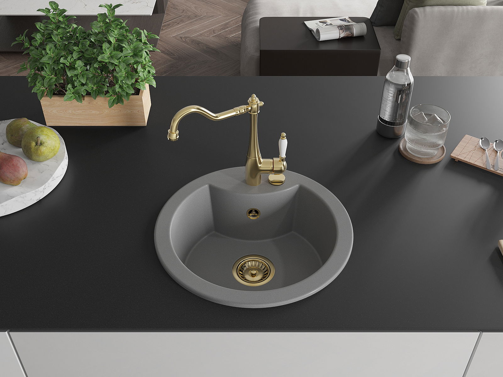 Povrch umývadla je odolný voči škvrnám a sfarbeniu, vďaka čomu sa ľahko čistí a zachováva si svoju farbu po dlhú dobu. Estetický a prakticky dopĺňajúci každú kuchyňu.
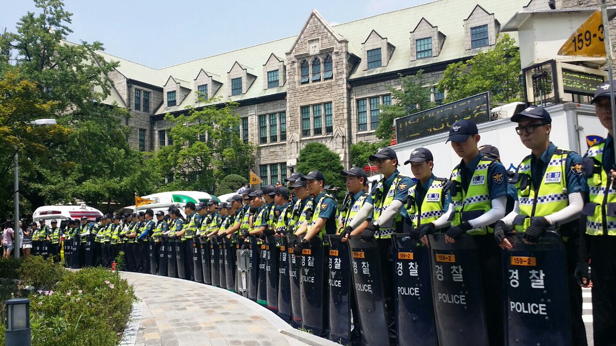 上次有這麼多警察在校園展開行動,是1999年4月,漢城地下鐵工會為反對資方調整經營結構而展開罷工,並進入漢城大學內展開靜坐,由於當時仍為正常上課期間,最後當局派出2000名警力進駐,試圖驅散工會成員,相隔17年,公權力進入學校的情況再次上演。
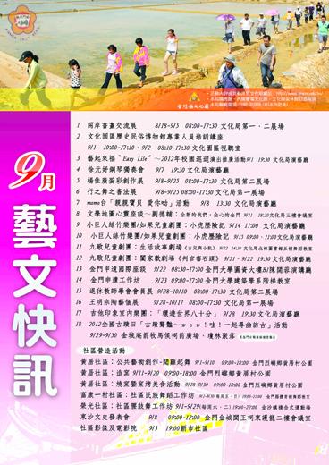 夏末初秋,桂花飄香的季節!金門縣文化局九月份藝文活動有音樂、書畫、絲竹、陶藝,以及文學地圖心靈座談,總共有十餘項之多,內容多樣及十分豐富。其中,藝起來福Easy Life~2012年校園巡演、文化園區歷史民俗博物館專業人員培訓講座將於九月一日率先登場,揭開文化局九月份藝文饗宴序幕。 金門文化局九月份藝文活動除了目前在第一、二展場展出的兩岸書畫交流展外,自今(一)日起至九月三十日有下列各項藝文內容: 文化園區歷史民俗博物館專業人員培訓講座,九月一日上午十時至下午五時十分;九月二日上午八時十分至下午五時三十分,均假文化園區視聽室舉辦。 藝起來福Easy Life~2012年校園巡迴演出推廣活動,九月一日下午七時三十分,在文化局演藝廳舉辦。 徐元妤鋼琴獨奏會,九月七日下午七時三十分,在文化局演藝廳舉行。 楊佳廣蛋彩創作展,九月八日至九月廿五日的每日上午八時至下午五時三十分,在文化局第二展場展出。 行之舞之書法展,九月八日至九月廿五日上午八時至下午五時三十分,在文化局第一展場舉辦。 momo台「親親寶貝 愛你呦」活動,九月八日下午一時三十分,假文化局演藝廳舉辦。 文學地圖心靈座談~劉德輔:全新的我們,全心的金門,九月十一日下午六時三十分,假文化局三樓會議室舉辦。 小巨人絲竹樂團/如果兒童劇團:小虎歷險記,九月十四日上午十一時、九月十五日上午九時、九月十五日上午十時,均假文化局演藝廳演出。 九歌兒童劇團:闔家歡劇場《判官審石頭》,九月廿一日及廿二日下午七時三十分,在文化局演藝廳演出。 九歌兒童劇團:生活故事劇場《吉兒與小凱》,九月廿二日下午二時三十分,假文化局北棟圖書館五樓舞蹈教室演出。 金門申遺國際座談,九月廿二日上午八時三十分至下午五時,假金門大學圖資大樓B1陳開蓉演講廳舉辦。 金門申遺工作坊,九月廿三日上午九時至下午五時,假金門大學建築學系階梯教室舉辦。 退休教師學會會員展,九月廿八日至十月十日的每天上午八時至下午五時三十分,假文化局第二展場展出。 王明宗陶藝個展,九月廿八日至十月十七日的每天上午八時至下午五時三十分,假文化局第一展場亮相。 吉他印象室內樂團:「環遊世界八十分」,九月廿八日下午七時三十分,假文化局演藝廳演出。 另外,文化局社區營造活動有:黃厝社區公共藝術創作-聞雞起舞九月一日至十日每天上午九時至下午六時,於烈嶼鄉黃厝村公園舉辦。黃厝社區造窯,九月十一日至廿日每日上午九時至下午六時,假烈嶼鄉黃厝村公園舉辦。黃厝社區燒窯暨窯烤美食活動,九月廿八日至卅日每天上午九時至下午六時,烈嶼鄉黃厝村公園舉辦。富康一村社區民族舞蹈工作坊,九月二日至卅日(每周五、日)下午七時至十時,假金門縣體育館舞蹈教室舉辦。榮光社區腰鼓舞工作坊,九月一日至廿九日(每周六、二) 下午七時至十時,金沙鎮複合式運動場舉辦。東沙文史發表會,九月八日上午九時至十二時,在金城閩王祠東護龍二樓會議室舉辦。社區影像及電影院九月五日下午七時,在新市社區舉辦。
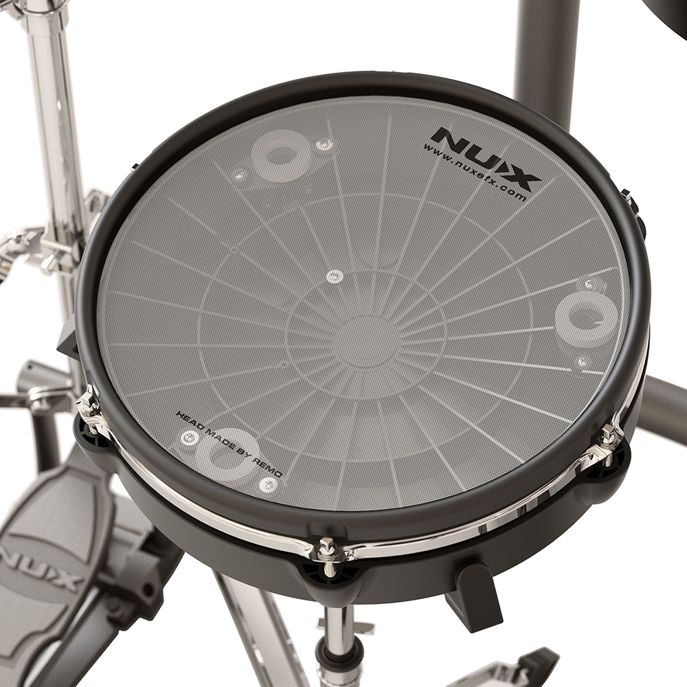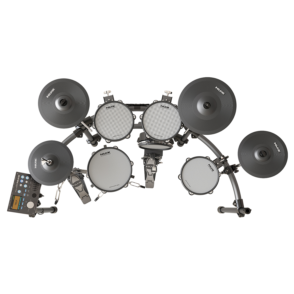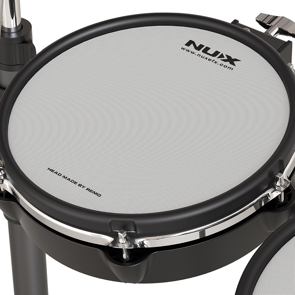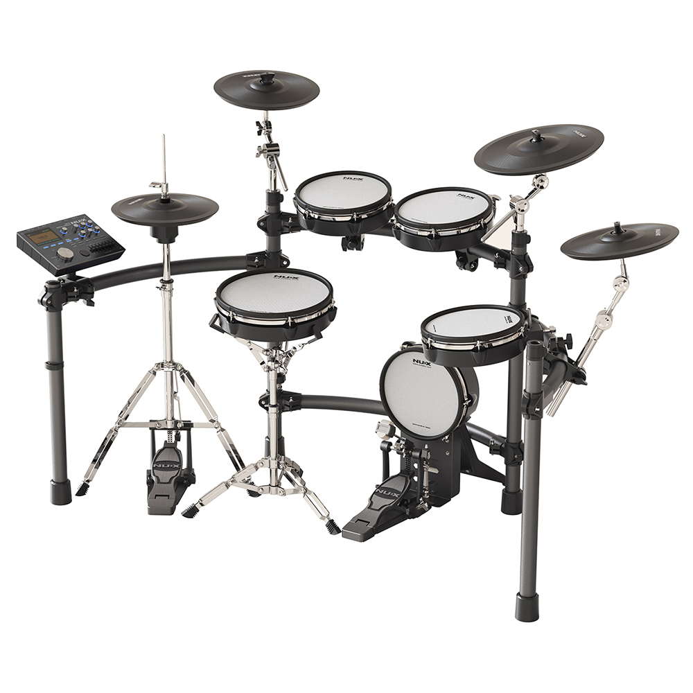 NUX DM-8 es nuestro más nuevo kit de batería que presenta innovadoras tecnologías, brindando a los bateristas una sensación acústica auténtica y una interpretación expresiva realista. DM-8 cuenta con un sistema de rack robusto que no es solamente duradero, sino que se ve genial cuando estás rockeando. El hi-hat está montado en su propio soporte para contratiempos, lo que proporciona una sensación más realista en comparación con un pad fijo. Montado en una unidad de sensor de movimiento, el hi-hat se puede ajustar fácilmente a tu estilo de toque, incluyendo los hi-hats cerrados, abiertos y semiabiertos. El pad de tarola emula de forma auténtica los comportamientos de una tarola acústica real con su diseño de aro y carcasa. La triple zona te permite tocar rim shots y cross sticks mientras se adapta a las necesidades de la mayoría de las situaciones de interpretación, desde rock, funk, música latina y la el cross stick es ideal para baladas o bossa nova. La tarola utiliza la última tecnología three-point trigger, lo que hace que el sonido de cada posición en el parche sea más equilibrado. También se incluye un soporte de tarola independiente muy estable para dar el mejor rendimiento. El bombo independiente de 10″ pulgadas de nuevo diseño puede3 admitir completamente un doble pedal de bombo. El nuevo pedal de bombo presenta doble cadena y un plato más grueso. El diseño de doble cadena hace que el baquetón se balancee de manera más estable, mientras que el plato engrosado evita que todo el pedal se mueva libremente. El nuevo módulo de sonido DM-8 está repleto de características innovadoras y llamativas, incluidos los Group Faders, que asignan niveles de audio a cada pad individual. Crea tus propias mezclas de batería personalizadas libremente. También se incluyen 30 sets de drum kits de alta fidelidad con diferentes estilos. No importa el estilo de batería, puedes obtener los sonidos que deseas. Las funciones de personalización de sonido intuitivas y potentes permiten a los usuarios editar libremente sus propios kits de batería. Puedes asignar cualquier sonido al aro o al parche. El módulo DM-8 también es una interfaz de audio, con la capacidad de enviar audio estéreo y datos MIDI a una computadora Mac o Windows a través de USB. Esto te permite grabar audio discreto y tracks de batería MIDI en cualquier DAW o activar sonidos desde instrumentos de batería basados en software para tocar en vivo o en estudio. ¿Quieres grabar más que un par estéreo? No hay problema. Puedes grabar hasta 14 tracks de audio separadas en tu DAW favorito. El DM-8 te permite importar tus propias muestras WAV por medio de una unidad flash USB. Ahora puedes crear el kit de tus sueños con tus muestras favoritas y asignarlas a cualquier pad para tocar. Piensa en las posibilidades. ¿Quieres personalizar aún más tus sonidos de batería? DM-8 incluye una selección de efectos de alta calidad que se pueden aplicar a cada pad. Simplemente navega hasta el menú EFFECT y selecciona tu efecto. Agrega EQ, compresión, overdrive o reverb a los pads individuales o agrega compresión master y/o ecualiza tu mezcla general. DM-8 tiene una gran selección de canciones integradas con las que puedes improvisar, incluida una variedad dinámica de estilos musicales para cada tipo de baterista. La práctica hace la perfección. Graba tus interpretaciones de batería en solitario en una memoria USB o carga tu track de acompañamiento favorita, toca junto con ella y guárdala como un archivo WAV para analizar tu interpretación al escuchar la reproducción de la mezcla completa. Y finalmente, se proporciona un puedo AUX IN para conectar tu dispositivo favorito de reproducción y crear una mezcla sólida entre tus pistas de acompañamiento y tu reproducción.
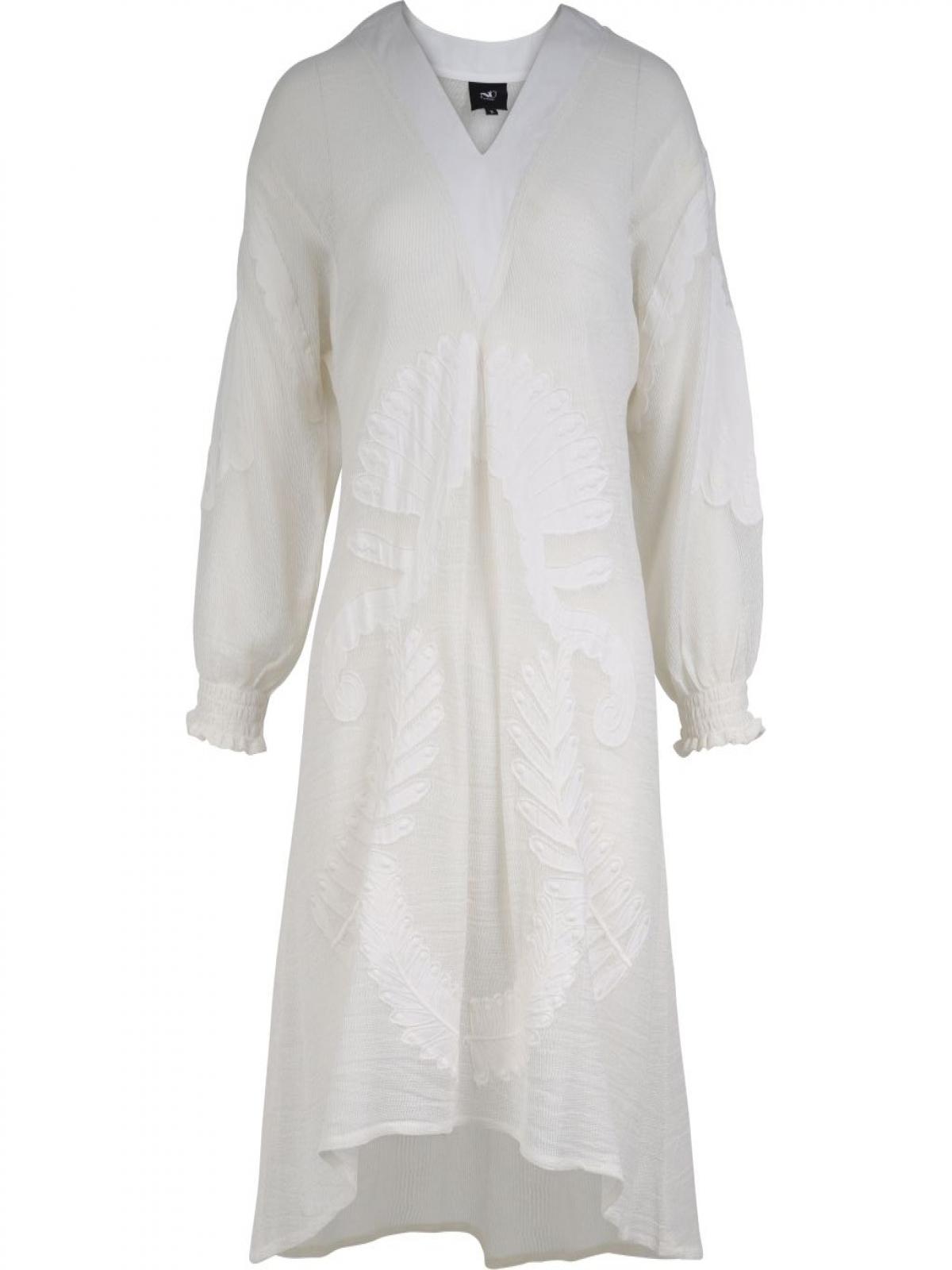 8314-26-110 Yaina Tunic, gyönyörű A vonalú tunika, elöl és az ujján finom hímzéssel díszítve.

Task directions »
Give back the entire listing verbatim, without the pictures.

Response for this exercise »
 Povrch umývadla je odolný voči škvrnám a sfarbeniu, vďaka čomu sa ľahko čistí a zachováva si svoju farbu po dlhú dobu. Estetický a prakticky dopĺňajúci každú kuchyňu.
 上次有這麼多警察在校園展開行動,是1999年4月,漢城地下鐵工會為反對資方調整經營結構而展開罷工,並進入漢城大學內展開靜坐,由於當時仍為正常上課期間,最後當局派出2000名警力進駐,試圖驅散工會成員,相隔17年,公權力進入學校的情況再次上演。
 夏末初秋,桂花飄香的季節!金門縣文化局九月份藝文活動有音樂、書畫、絲竹、陶藝,以及文學地圖心靈座談,總共有十餘項之多,內容多樣及十分豐富。其中,藝起來福Easy Life~2012年校園巡演、文化園區歷史民俗博物館專業人員培訓講座將於九月一日率先登場,揭開文化局九月份藝文饗宴序幕。 金門文化局九月份藝文活動除了目前在第一、二展場展出的兩岸書畫交流展外,自今(一)日起至九月三十日有下列各項藝文內容: 文化園區歷史民俗博物館專業人員培訓講座,九月一日上午十時至下午五時十分;九月二日上午八時十分至下午五時三十分,均假文化園區視聽室舉辦。 藝起來福Easy Life~2012年校園巡迴演出推廣活動,九月一日下午七時三十分,在文化局演藝廳舉辦。 徐元妤鋼琴獨奏會,九月七日下午七時三十分,在文化局演藝廳舉行。 楊佳廣蛋彩創作展,九月八日至九月廿五日的每日上午八時至下午五時三十分,在文化局第二展場展出。 行之舞之書法展,九月八日至九月廿五日上午八時至下午五時三十分,在文化局第一展場舉辦。 momo台「親親寶貝 愛你呦」活動,九月八日下午一時三十分,假文化局演藝廳舉辦。 文學地圖心靈座談~劉德輔:全新的我們,全心的金門,九月十一日下午六時三十分,假文化局三樓會議室舉辦。 小巨人絲竹樂團/如果兒童劇團:小虎歷險記,九月十四日上午十一時、九月十五日上午九時、九月十五日上午十時,均假文化局演藝廳演出。 九歌兒童劇團:闔家歡劇場《判官審石頭》,九月廿一日及廿二日下午七時三十分,在文化局演藝廳演出。 九歌兒童劇團:生活故事劇場《吉兒與小凱》,九月廿二日下午二時三十分,假文化局北棟圖書館五樓舞蹈教室演出。 金門申遺國際座談,九月廿二日上午八時三十分至下午五時,假金門大學圖資大樓B1陳開蓉演講廳舉辦。 金門申遺工作坊,九月廿三日上午九時至下午五時,假金門大學建築學系階梯教室舉辦。 退休教師學會會員展,九月廿八日至十月十日的每天上午八時至下午五時三十分,假文化局第二展場展出。 王明宗陶藝個展,九月廿八日至十月十七日的每天上午八時至下午五時三十分,假文化局第一展場亮相。 吉他印象室內樂團:「環遊世界八十分」,九月廿八日下午七時三十分,假文化局演藝廳演出。 另外,文化局社區營造活動有:黃厝社區公共藝術創作-聞雞起舞九月一日至十日每天上午九時至下午六時,於烈嶼鄉黃厝村公園舉辦。黃厝社區造窯,九月十一日至廿日每日上午九時至下午六時,假烈嶼鄉黃厝村公園舉辦。黃厝社區燒窯暨窯烤美食活動,九月廿八日至卅日每天上午九時至下午六時,烈嶼鄉黃厝村公園舉辦。富康一村社區民族舞蹈工作坊,九月二日至卅日(每周五、日)下午七時至十時,假金門縣體育館舞蹈教室舉辦。榮光社區腰鼓舞工作坊,九月一日至廿九日(每周六、二) 下午七時至十時,金沙鎮複合式運動場舉辦。東沙文史發表會,九月八日上午九時至十二時,在金城閩王祠東護龍二樓會議室舉辦。社區影像及電影院九月五日下午七時,在新市社區舉辦。
 NUX DM-8 es nuestro más nuevo kit de batería que presenta innovadoras tecnologías, brindando a los bateristas una sensación acústica auténtica y una interpretación expresiva realista. DM-8 cuenta con un sistema de rack robusto que no es solamente duradero, sino que se ve genial cuando estás rockeando. El hi-hat está montado en su propio soporte para contratiempos, lo que proporciona una sensación más realista en comparación con un pad fijo. Montado en una unidad de sensor de movimiento, el hi-hat se puede ajustar fácilmente a tu estilo de toque, incluyendo los hi-hats cerrados, abiertos y semiabiertos. El pad de tarola emula de forma auténtica los comportamientos de una tarola acústica real con su diseño de aro y carcasa. La triple zona te permite tocar rim shots y cross sticks mientras se adapta a las necesidades de la mayoría de las situaciones de interpretación, desde rock, funk, música latina y la el cross stick es ideal para baladas o bossa nova. La tarola utiliza la última tecnología three-point trigger, lo que hace que el sonido de cada posición en el parche sea más equilibrado. También se incluye un soporte de tarola independiente muy estable para dar el mejor rendimiento. El bombo independiente de 10″ pulgadas de nuevo diseño puede3 admitir completamente un doble pedal de bombo. El nuevo pedal de bombo presenta doble cadena y un plato más grueso. El diseño de doble cadena hace que el baquetón se balancee de manera más estable, mientras que el plato engrosado evita que todo el pedal se mueva libremente. El nuevo módulo de sonido DM-8 está repleto de características innovadoras y llamativas, incluidos los Group Faders, que asignan niveles de audio a cada pad individual. Crea tus propias mezclas de batería personalizadas libremente. También se incluyen 30 sets de drum kits de alta fidelidad con diferentes estilos. No importa el estilo de batería, puedes obtener los sonidos que deseas. Las funciones de personalización de sonido intuitivas y potentes permiten a los usuarios editar libremente sus propios kits de batería. Puedes asignar cualquier sonido al aro o al parche. El módulo DM-8 también es una interfaz de audio, con la capacidad de enviar audio estéreo y datos MIDI a una computadora Mac o Windows a través de USB. Esto te permite grabar audio discreto y tracks de batería MIDI en cualquier DAW o activar sonidos desde instrumentos de batería basados en software para tocar en vivo o en estudio. ¿Quieres grabar más que un par estéreo? No hay problema. Puedes grabar hasta 14 tracks de audio separadas en tu DAW favorito. El DM-8 te permite importar tus propias muestras WAV por medio de una unidad flash USB. Ahora puedes crear el kit de tus sueños con tus muestras favoritas y asignarlas a cualquier pad para tocar. Piensa en las posibilidades. ¿Quieres personalizar aún más tus sonidos de batería? DM-8 incluye una selección de efectos de alta calidad que se pueden aplicar a cada pad. Simplemente navega hasta el menú EFFECT y selecciona tu efecto. Agrega EQ, compresión, overdrive o reverb a los pads individuales o agrega compresión master y/o ecualiza tu mezcla general. DM-8 tiene una gran selección de canciones integradas con las que puedes improvisar, incluida una variedad dinámica de estilos musicales para cada tipo de baterista. La práctica hace la perfección. Graba tus interpretaciones de batería en solitario en una memoria USB o carga tu track de acompañamiento favorita, toca junto con ella y guárdala como un archivo WAV para analizar tu interpretación al escuchar la reproducción de la mezcla completa. Y finalmente, se proporciona un puedo AUX IN para conectar tu dispositivo favorito de reproducción y crear una mezcla sólida entre tus pistas de acompañamiento y tu reproducción.
 8314-26-110 Yaina Tunic, gyönyörű A vonalú tunika, elöl és az ujján finom hímzéssel díszítve.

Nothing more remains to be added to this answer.